BEGIN MATERIALS PROVIDED

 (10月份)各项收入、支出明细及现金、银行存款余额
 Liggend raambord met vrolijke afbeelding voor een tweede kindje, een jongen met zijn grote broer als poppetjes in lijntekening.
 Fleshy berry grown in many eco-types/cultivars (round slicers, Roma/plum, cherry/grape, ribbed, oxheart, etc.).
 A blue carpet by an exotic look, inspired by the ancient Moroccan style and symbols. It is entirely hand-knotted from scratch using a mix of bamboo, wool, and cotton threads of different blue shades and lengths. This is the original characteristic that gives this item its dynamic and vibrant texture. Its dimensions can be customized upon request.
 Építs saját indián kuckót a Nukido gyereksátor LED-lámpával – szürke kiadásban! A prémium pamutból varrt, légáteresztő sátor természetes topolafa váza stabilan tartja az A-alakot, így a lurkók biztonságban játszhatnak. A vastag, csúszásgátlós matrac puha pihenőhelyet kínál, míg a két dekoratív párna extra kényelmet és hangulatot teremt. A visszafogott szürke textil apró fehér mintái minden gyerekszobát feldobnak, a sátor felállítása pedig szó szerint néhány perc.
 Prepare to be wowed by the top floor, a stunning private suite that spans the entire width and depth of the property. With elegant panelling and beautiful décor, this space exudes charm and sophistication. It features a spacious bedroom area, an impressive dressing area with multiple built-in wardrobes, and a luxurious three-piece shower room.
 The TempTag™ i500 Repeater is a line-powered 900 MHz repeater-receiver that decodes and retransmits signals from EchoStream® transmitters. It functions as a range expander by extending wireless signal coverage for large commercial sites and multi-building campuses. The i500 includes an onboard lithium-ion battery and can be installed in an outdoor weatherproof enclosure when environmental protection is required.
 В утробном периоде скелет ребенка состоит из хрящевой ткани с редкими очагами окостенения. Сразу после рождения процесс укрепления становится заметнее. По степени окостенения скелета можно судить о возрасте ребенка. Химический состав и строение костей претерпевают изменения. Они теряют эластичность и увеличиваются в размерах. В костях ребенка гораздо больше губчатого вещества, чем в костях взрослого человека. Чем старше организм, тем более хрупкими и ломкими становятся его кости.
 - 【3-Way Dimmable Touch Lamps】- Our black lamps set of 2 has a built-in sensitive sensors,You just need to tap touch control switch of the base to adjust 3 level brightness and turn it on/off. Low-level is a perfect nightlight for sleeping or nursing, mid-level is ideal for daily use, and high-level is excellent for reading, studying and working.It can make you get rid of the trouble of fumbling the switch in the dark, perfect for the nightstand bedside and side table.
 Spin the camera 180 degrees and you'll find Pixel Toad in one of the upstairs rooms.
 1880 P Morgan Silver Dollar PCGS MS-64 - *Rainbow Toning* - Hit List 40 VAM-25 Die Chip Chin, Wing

END MATERIALS PROVIDED
BEGIN MATERIALS PROVIDED

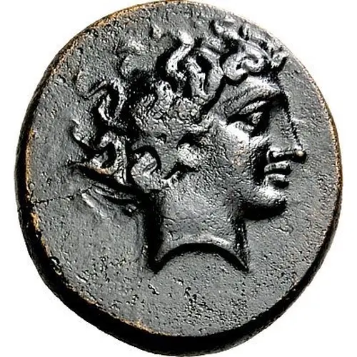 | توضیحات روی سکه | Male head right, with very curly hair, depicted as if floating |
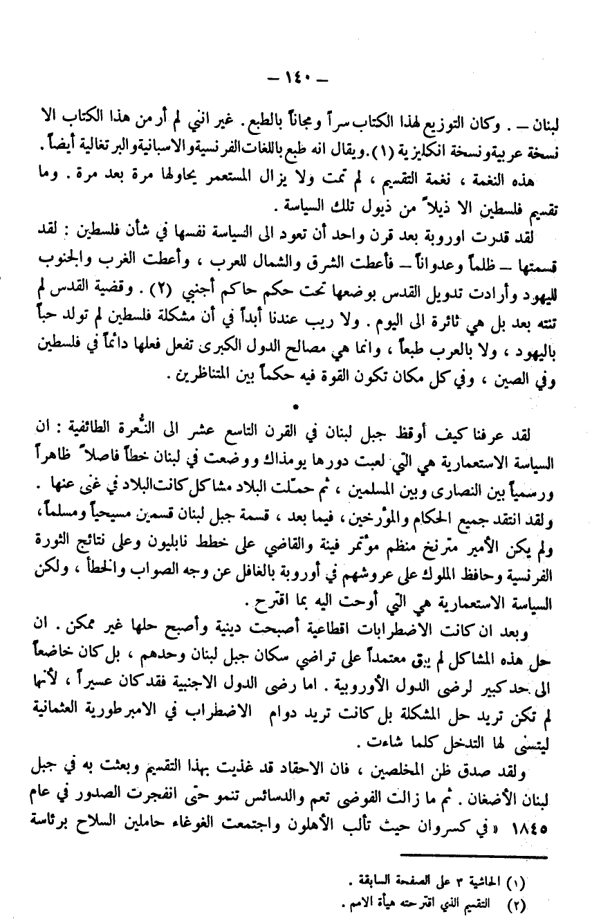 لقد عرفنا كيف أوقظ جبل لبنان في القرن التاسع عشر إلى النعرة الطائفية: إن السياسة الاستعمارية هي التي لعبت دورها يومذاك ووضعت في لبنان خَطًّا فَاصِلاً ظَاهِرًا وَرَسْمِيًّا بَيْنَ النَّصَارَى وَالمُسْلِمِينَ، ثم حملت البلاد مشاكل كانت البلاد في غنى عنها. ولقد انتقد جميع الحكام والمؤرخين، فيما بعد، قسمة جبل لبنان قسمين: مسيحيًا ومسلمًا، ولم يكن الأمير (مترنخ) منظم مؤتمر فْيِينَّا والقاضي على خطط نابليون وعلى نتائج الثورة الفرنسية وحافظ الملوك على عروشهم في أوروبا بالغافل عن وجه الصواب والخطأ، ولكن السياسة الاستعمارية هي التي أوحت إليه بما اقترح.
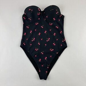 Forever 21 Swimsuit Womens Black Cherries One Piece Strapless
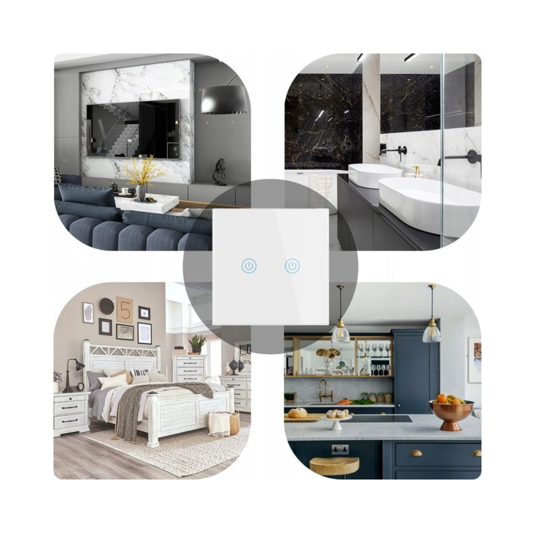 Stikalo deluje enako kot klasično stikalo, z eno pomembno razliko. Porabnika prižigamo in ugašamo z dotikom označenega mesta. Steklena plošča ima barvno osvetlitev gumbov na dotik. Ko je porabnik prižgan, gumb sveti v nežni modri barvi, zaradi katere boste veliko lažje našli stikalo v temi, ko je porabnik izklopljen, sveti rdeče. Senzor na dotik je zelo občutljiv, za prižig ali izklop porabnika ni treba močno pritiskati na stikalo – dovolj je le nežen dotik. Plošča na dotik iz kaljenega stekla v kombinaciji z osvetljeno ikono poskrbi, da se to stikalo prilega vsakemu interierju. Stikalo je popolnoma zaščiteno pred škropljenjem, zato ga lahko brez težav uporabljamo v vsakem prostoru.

END MATERIALS PROVIDED

__WHAT IS EXPECTED__: The word "built" appears in how many lines of the data? Answer with only the number.

__TASK ANSWER__: 2